▸ Exercise goal
When every entry has been read, print each one back exactly.
=====
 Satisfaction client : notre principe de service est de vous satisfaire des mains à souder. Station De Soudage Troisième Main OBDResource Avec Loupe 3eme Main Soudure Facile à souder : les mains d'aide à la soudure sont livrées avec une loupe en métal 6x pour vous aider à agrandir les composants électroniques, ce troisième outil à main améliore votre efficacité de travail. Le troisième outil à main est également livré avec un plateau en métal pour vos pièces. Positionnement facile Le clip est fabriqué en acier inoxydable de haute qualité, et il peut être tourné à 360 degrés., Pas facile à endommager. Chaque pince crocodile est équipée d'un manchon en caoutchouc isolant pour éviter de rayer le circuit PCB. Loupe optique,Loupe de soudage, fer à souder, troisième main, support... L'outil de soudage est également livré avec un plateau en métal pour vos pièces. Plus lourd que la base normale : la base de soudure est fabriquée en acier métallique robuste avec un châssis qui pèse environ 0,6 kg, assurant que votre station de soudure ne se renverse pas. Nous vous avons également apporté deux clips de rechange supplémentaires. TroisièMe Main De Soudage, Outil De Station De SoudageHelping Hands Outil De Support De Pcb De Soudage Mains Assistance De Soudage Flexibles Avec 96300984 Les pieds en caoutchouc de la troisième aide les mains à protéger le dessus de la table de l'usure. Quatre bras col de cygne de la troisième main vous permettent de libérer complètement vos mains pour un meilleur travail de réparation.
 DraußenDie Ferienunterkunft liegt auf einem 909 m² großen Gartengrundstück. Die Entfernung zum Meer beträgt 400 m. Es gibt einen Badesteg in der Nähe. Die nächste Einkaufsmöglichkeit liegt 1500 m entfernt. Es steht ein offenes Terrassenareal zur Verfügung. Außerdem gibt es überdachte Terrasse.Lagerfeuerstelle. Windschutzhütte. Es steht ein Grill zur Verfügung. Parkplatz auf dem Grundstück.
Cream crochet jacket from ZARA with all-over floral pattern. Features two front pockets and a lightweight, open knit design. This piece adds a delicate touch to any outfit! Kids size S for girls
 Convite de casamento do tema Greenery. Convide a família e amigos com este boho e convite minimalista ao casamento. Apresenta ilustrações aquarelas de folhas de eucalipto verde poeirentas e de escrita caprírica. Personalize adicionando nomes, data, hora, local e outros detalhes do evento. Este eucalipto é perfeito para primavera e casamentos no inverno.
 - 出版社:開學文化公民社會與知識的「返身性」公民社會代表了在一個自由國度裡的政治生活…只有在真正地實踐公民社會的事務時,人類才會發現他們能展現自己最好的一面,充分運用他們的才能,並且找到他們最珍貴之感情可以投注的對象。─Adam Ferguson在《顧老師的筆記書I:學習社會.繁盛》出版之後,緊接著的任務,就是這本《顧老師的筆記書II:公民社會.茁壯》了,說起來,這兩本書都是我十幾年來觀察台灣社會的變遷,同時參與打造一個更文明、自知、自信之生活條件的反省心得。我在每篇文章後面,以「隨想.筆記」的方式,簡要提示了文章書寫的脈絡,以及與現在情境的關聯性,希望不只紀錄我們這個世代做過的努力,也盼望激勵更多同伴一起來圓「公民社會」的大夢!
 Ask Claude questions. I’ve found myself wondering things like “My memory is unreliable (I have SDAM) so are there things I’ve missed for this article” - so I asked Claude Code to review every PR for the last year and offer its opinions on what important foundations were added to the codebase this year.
=====
▸ Your solution
 Satisfaction client : notre principe de service est de vous satisfaire des mains à souder. Station De Soudage Troisième Main OBDResource Avec Loupe 3eme Main Soudure Facile à souder : les mains d'aide à la soudure sont livrées avec une loupe en métal 6x pour vous aider à agrandir les composants électroniques, ce troisième outil à main améliore votre efficacité de travail. Le troisième outil à main est également livré avec un plateau en métal pour vos pièces. Positionnement facile Le clip est fabriqué en acier inoxydable de haute qualité, et il peut être tourné à 360 degrés., Pas facile à endommager. Chaque pince crocodile est équipée d'un manchon en caoutchouc isolant pour éviter de rayer le circuit PCB. Loupe optique,Loupe de soudage, fer à souder, troisième main, support... L'outil de soudage est également livré avec un plateau en métal pour vos pièces. Plus lourd que la base normale : la base de soudure est fabriquée en acier métallique robuste avec un châssis qui pèse environ 0,6 kg, assurant que votre station de soudure ne se renverse pas. Nous vous avons également apporté deux clips de rechange supplémentaires. TroisièMe Main De Soudage, Outil De Station De SoudageHelping Hands Outil De Support De Pcb De Soudage Mains Assistance De Soudage Flexibles Avec 96300984 Les pieds en caoutchouc de la troisième aide les mains à protéger le dessus de la table de l'usure. Quatre bras col de cygne de la troisième main vous permettent de libérer complètement vos mains pour un meilleur travail de réparation.
 DraußenDie Ferienunterkunft liegt auf einem 909 m² großen Gartengrundstück. Die Entfernung zum Meer beträgt 400 m. Es gibt einen Badesteg in der Nähe. Die nächste Einkaufsmöglichkeit liegt 1500 m entfernt. Es steht ein offenes Terrassenareal zur Verfügung. Außerdem gibt es überdachte Terrasse.Lagerfeuerstelle. Windschutzhütte. Es steht ein Grill zur Verfügung. Parkplatz auf dem Grundstück.
Cream crochet jacket from ZARA with all-over floral pattern. Features two front pockets and a lightweight, open knit design. This piece adds a delicate touch to any outfit! Kids size S for girls
 Convite de casamento do tema Greenery. Convide a família e amigos com este boho e convite minimalista ao casamento. Apresenta ilustrações aquarelas de folhas de eucalipto verde poeirentas e de escrita caprírica. Personalize adicionando nomes, data, hora, local e outros detalhes do evento. Este eucalipto é perfeito para primavera e casamentos no inverno.
 - 出版社:開學文化公民社會與知識的「返身性」公民社會代表了在一個自由國度裡的政治生活…只有在真正地實踐公民社會的事務時,人類才會發現他們能展現自己最好的一面,充分運用他們的才能,並且找到他們最珍貴之感情可以投注的對象。─Adam Ferguson在《顧老師的筆記書I:學習社會.繁盛》出版之後,緊接著的任務,就是這本《顧老師的筆記書II:公民社會.茁壯》了,說起來,這兩本書都是我十幾年來觀察台灣社會的變遷,同時參與打造一個更文明、自知、自信之生活條件的反省心得。我在每篇文章後面,以「隨想.筆記」的方式,簡要提示了文章書寫的脈絡,以及與現在情境的關聯性,希望不只紀錄我們這個世代做過的努力,也盼望激勵更多同伴一起來圓「公民社會」的大夢!
 Ask Claude questions. I’ve found myself wondering things like “My memory is unreliable (I have SDAM) so are there things I’ve missed for this article” - so I asked Claude Code to review every PR for the last year and offer its opinions on what important foundations were added to the codebase this year.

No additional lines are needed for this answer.